*** Given data

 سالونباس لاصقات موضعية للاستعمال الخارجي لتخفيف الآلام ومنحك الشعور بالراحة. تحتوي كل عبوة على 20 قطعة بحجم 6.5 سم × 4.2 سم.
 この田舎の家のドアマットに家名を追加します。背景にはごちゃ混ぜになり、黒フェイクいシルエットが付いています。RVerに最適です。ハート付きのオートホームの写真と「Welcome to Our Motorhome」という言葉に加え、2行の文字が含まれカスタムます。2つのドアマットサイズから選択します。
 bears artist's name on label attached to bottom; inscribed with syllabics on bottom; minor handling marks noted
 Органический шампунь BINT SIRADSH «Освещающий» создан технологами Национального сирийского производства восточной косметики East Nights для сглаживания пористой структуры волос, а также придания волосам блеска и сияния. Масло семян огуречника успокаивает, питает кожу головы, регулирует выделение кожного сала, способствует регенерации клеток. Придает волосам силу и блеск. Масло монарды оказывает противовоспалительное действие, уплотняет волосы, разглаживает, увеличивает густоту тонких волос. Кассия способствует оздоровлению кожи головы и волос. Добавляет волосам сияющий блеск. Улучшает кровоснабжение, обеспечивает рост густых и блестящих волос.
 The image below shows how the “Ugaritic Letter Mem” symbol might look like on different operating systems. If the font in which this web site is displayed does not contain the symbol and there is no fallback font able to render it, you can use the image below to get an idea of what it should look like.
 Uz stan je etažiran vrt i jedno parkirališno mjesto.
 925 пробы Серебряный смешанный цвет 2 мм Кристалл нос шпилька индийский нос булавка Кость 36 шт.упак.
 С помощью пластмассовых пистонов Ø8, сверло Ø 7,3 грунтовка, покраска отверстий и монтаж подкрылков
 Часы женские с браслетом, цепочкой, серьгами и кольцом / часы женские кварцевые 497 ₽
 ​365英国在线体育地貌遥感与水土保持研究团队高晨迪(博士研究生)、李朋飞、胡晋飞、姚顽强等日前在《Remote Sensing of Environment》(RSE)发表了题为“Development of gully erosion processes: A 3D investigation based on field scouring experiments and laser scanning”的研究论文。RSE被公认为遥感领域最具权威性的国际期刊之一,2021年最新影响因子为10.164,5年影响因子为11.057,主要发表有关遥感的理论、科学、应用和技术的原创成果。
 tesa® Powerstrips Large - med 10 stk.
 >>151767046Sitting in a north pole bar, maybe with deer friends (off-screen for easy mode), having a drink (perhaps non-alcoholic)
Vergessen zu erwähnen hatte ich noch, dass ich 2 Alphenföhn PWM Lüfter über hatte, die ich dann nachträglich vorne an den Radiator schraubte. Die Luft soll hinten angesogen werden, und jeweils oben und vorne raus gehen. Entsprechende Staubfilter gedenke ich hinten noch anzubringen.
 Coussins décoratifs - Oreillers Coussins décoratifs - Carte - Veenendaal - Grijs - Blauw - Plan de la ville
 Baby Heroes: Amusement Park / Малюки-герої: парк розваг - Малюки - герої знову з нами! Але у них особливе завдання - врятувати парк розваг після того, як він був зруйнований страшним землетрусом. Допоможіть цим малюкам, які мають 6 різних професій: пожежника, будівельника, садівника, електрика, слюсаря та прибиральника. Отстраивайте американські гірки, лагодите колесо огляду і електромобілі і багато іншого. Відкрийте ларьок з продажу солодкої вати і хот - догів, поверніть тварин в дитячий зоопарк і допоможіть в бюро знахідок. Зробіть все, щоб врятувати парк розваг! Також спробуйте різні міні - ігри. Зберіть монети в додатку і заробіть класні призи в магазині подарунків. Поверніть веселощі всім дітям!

******

Where a line of the records includes "with", copy it.

 bears artist's name on label attached to bottom; inscribed with syllabics on bottom; minor handling marks noted
 >>151767046Sitting in a north pole bar, maybe with deer friends (off-screen for easy mode), having a drink (perhaps non-alcoholic)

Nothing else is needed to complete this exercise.